Awesome Changes in Greenland and Antarctica via Youtube clips
It defies our imagination that sea level will change dramatically. Actually it is more than our imagination, it is our entire way of designing our amazing coastal-based society. For centuries we have been constructing larger, more expensive, and more permanent buildings and infrastructure right on the shoreline as if it can be held in its current location.
Two short videos on Youtube give good witness to what is now unfolding in ways that are unprecedented in human civilization. Chasing Ice was a recent feature film by James Balog that captured time lapse photography from the polar regions to show the change over a few years. In his four minute excerpt from Chasing Ice above, you can see stunning documentation from Greenland in 2008 that illustrates the extreme melting that is now underway.
At the other side of the world, in Antarctica, there is a growing body of evidence that catastrophic sea level rise could occur much sooner than scientists and models have considered.
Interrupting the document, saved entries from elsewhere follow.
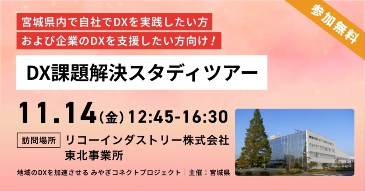 本スタディツアーは「机上の学び」ではなく、「現場での観察+思考+対話」で、自社のDX推進を“具体”に動かすための場です。宮城県内企業の皆さま、ぜひこの機会を活かして、新たな視点・パートナー・実践の糸口を掴んでください。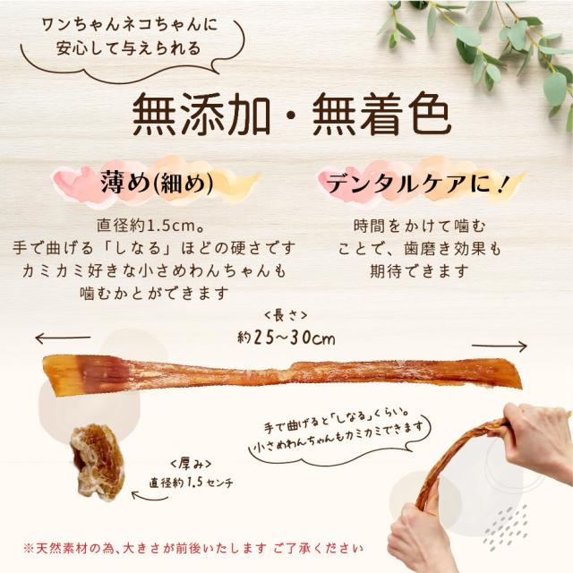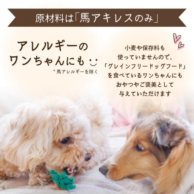 無添加、無着色で低温乾燥(30℃)でじっくり3日間乾燥し、旨味・風味を閉じ込めました。 低カロリー、高たんぱくな馬アキレス。 硬い仕上がりなので長時間かけてゆっくり食べられます。 そして馬アキレスには「グリコーゲン」が豊富に含まれています。 グリコーゲンとは、体にすばやく吸収されるエネルギー源。 運動量が多いわんちゃんやいつものお散歩のあと、シニア犬や食が細い子、病み上がりのワンちゃんの体力サポートに最適です。 「グリコーゲン」はわんちゃんの元気と笑顔をサポートしてくれる、からだにやさしく自然に働いてくれる成分です。 「馬アキレス ロング <薄>」は、長さ25cm?30cmで、厚さは直径1.5cm程度。中型犬から小型犬のわんちゃんにも喜ばれています。 馬アキレスのような硬いおやつは「カミカミ(噛み続けること)が好きなわんちゃん」におすすめです。丸呑みしがち、飲み込み癖があるわんちゃんにはお勧めできませんので、わんちゃんの習性に併せてご検討ください。 開封後は冷暗所に保管しお早めに与えてください。 与えすぎない様に注意してください。丸飲みの恐れがあります。 与えている時は飼い主さまの見ている所で与えてください。 <安心・安全へのこだわり> 薬品を使用せず、手作業で毛を除去しております。 入念に確認しておりますが、取り切れず毛が付着していることがございます。 何卒ご了承くださいませ。 |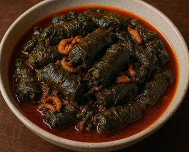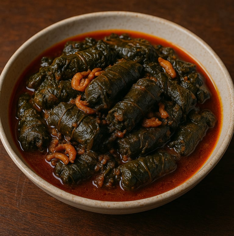 Spécialité camerounaise rare, l’ekwang est fait de taro râpé enroulé dans des feuilles vertes, mijoté dans une sauce d’huile de palme, crevettes séchées et épices. C’est un plat riche, ancestral, et profondément nourrissant.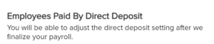 - Under Company Settings Toggle “Employees Paid by Direct Deposit” to No
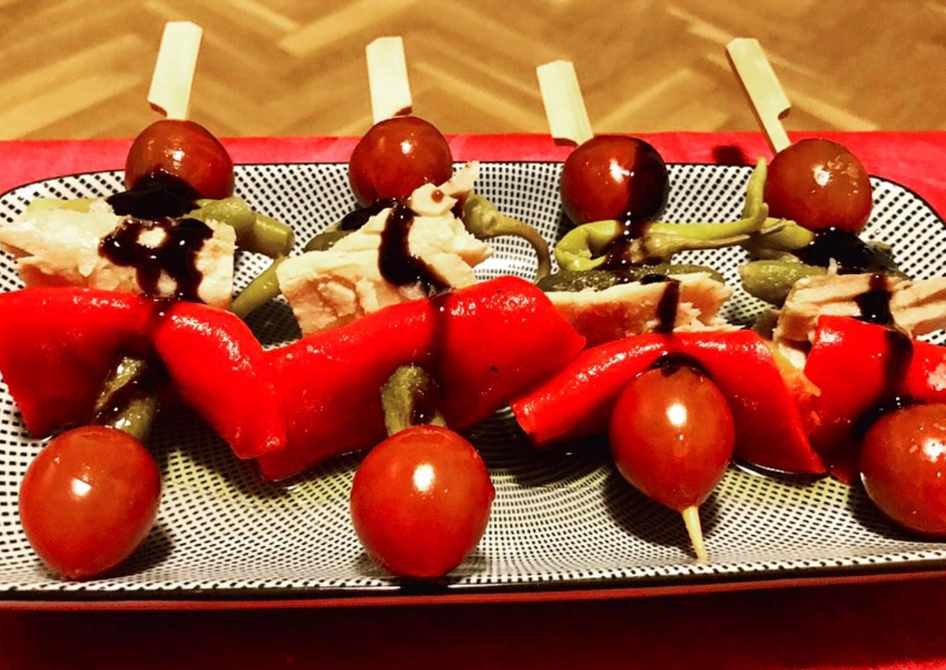 En casa nos encantan los encurtidos asà que el otro dÃa preparé en un momento unas mini brochetas con tomates cherry, bonito, pepinillos, pimiento asado y piparras que quedaron deliciosas. Es la tÃpica cosa que comprada en tienda sale muy cara y hacerla en casa son 5 minutos.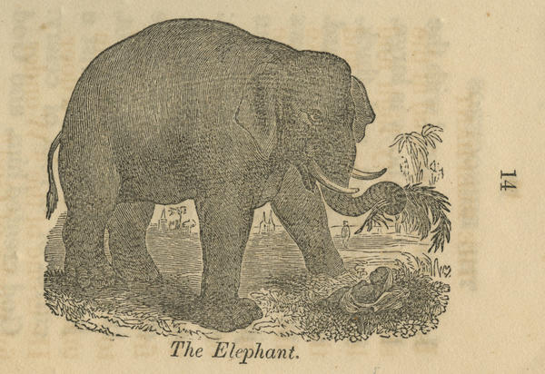 Illustration appears in The Show of animals (Philadelphia, between 1832 and 1860?), p. 14. The Show of animals was listed in American Sunday-School Union catalogues from May 1832 to July 1860.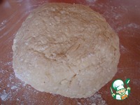 Приступим, собственно к формовке. Отрываем кусочек теста, на присыпанном мукой столе лепим небольшую лепешечку. |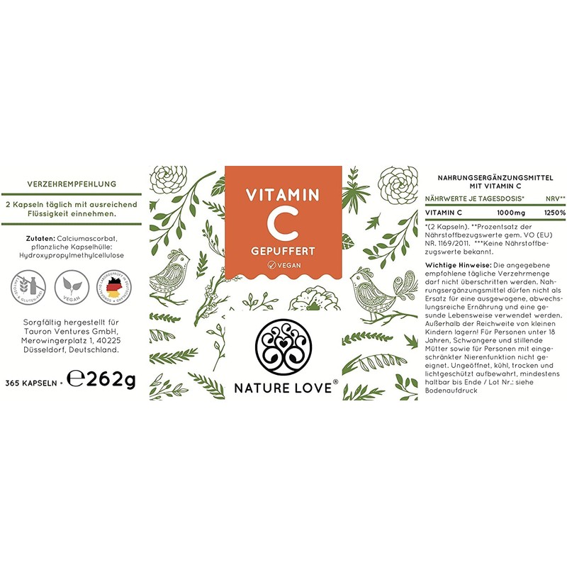 NATURE LOVE® Gepuffertes pflanzliches Vitamin C - Hochdosiert mit 1000mg Vitamin C je Tagesdosis - 365 Kapseln - pH-neutral & magenfreundlich - Vegan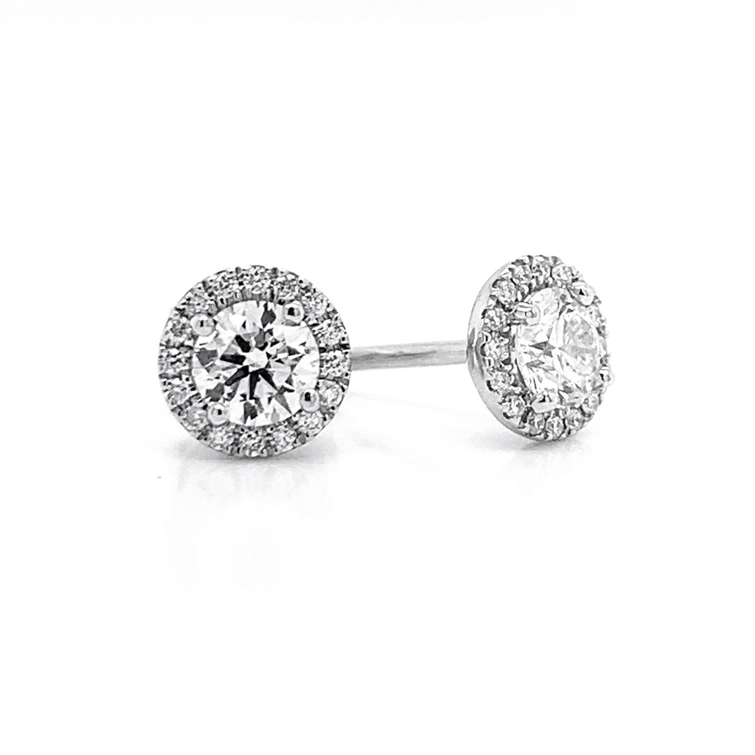 18WG FINE HALO STUD EARRINGS SET WITH RBC 2=0.50CT EFG SI2-3 (9921) & RBC 32=0.08CT WH SI **INCLUDES S&F**
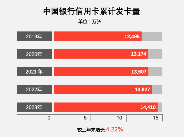 截至2023年末,中國(guó)銀行信用卡累計(jì)發(fā)卡量14,410.19萬(wàn)張,同比增長(zhǎng)4.22%;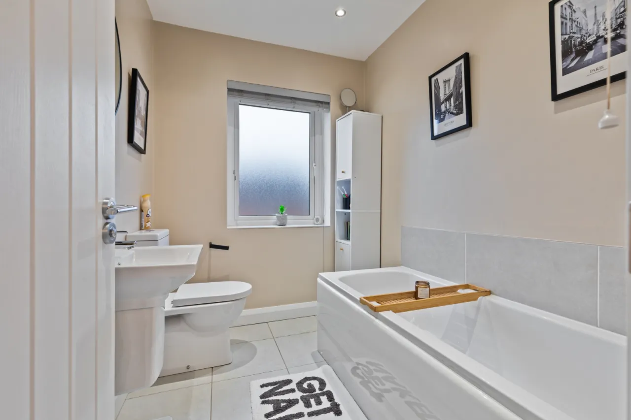 White suite comprising: Wash hand basin with chrome mixer taps and tiled splashback, low flush WC, panelled bath with chrome mixer taps and tiled splashback, chrome spotlights, ceramic tiled floor, extractor fan.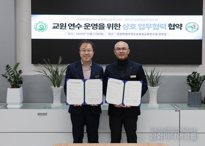 강원특별자치도교육청교육연수원에서 진행된 이번 업무협약에는 심한수 경기도교육청남부연수원장과 민섭 강원특별자치도교육청교육연수원장이 참석해 인적·물적 자원을 공유하여 연수 기획력과 실행력을 높이는 데 공동의 노력을 기울일 것을 약속했다.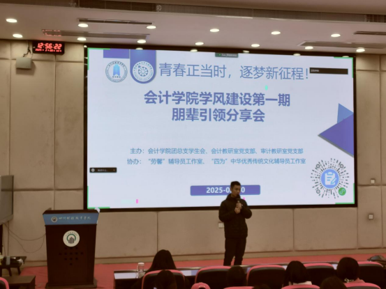 2025年2月20日,会计学院在B212教室成功举办了主题为“青春正当时,逐梦新征程”的学风建设第一期——朋辈引领分享会。本次分享会邀请到我院3名优秀毕业生进行分享。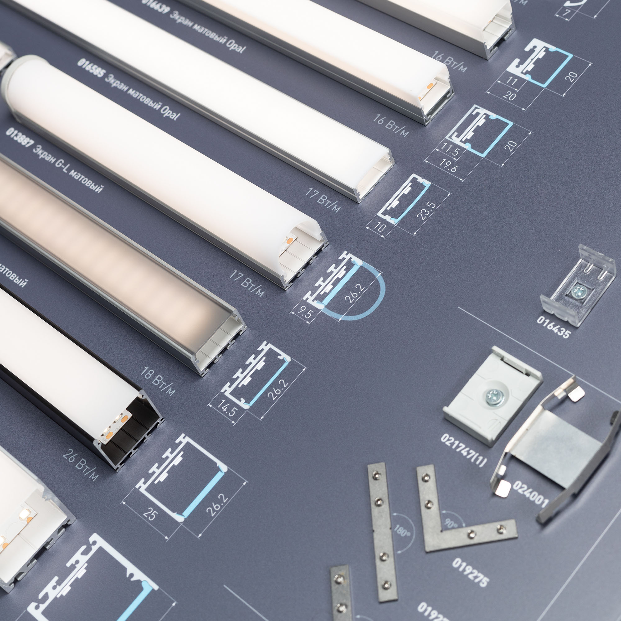 Накладные алюминиевые профили серий S-LUX, ALU, ARH с подсветкой. Материал - алюмобонд.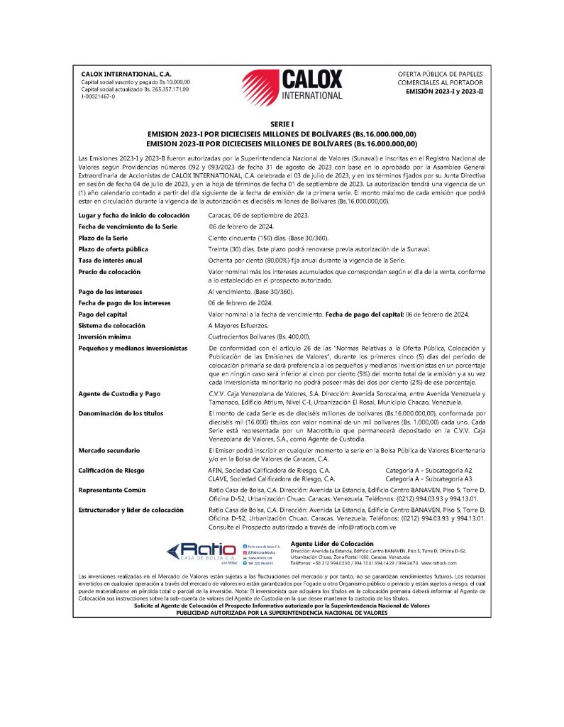 | Emisor | CALOX INTERNATIONAL, C.A. |
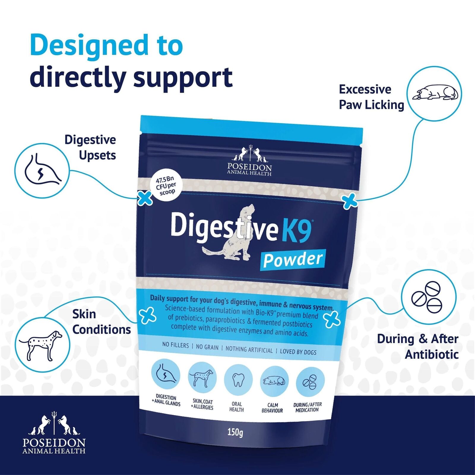 DigestiveK9 is a multi-action daily gut health supplement, designed to support digestion, immunity, skin and nervous system for dogs of all life stages and breeds.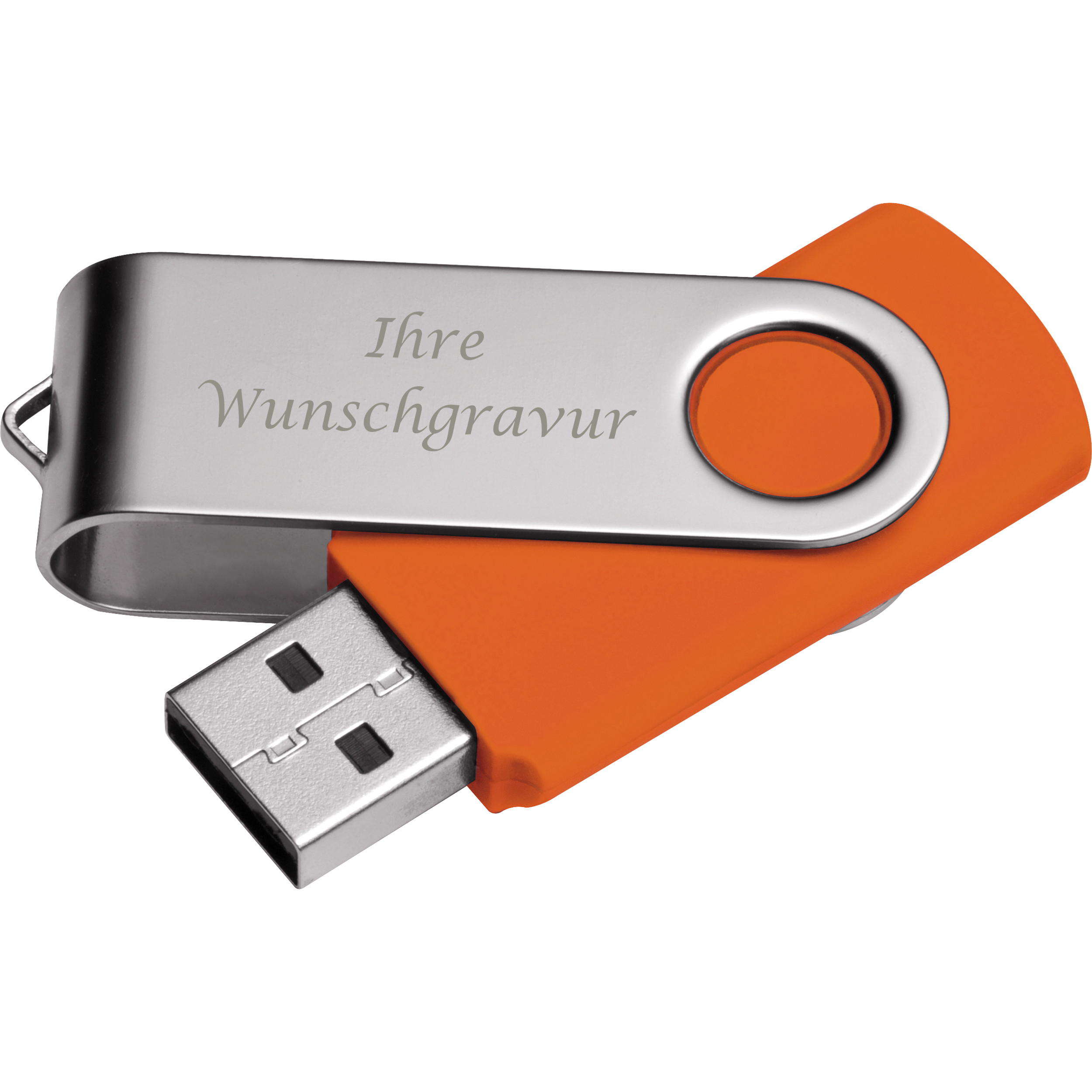 Produktinformationen "USB-Stick Twister mit Gravur / 32GB / aus Metall / Farbe: silber-orange"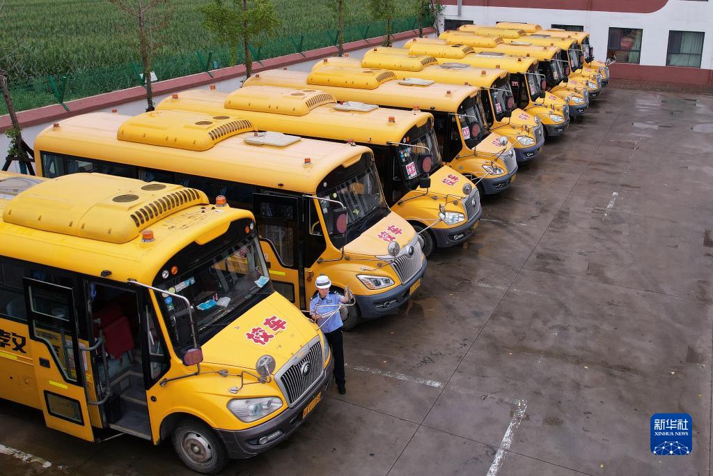 8月27日,石家莊市公安局藁城分局交通警察大隊輔警在天鶴教育集團對校車(chē)進(jìn)行安全檢查(無(wú)人機照片)。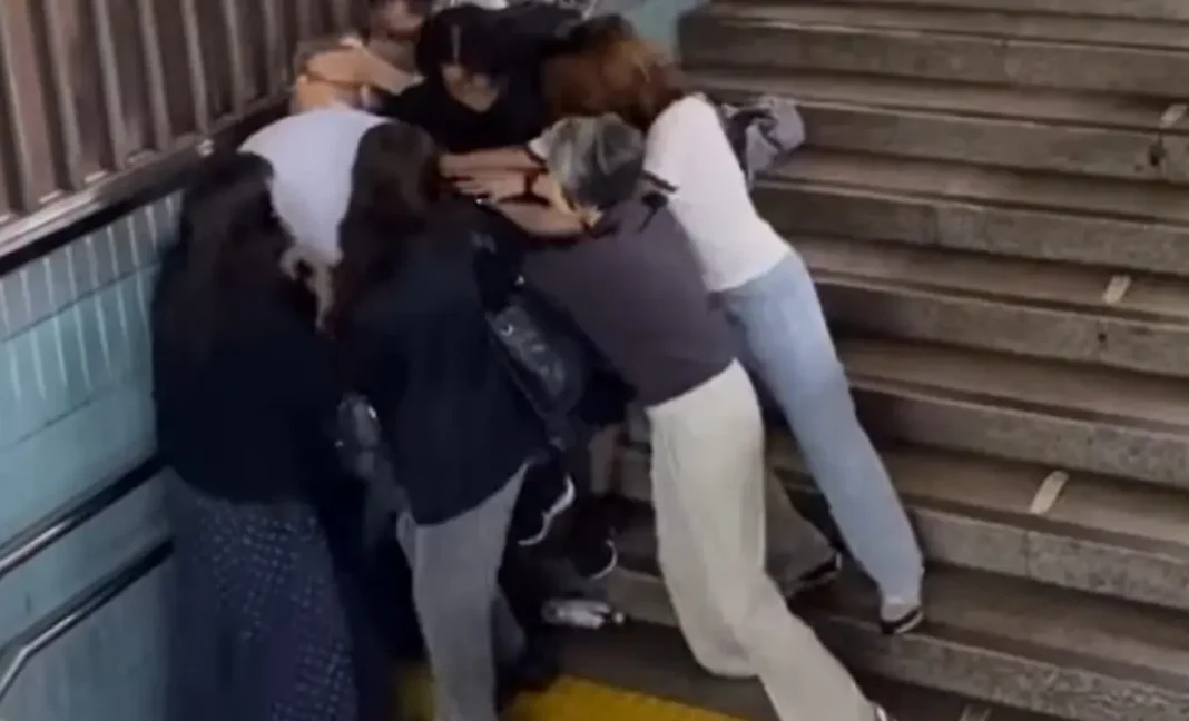 Οι γυναίκες έσπρωξαν όλες μαζί τον άνδρα, καταφέρνοντας να τον ακινητοποιήσουν στις σκάλες του σταθμού. Όχι μόνο τον ακινιτοποίησαν, αλλά τον κρατούσαν όπως μπορούσαν μέχρι να έρθουν στο σημείο δυνάμεις της αστυνομίας, για να συλλάβουν τον δράστη.

The “Pine Island Glaciers” are six particular glaciers that will cause approximately ten feet (3 meters) of sea level rise when they slide into the sea. The majority of scientists still hold to the belief that this will not happen for at least a century or more. But as this six minute video Meltwater Pulse 2B shows, some highly respected scientists from NASA and elsewhere are getting concerned that catastrophe could happen even sooner on the current path of warming and melting.
Understandably the scientific community does not want to alarm people, by putting into forecasts things that they are uncertain about, referring to such projections of describing something that proves untrue as a “Type 1 error.” Because of the rapid pace of warming and the inability to know for certain when glaciers such as Pine Island could slide into the sea, there is a growing group within the scientific community that is concerned about what is known as a “Type 2 error” — not describing something, that will happen.
We know that the ice sheets of Greenland and Antarctica have collapsed before causing tens of feet (many meters) of sea level rise in less than a century. We are now warming at unprecedented rates meaning that we can not accurately predict how the great ice sheets in those two locations will collapse. We should not panic. Fortunately this is not like catastrophes that can happen suddenly like earthquakes, tornadoes, or tsunamis.
According to the latest evidence from Antarctica those Pine Island glaciers cannot slide into the sea for at least a couple of decades due to the “grounding line” as shown. Even once those glaciers start to slide or disgorge, it is estimated that it would take a minimum of a decade or two for the Thwaites Glacier, the largest one to move into the sea substantially raising sea level.
We should begin planning for the new shoreline as sea level will change dramatically some time in the next few centuries, even if the models can not yet show us which decade it will happen. As those videos from Greenland and Antarctica show, dramatic changes are taking place now. While this almost inconceivable change to our coastline will create crisis, it will also present opportunity. Fortunately we still have some time to plan and adapt — even though it is a daunting challenge, that has largely elicited reactions of denial and delay.
It is important to look at ADAPTATION to higher sea level, while we increase efforts to slow the warming (often referred to as mitigation) by reducing greenhouse gases. Due to the excess heat already stored in the ocean, reducing warming will not cause sea level rise to stop.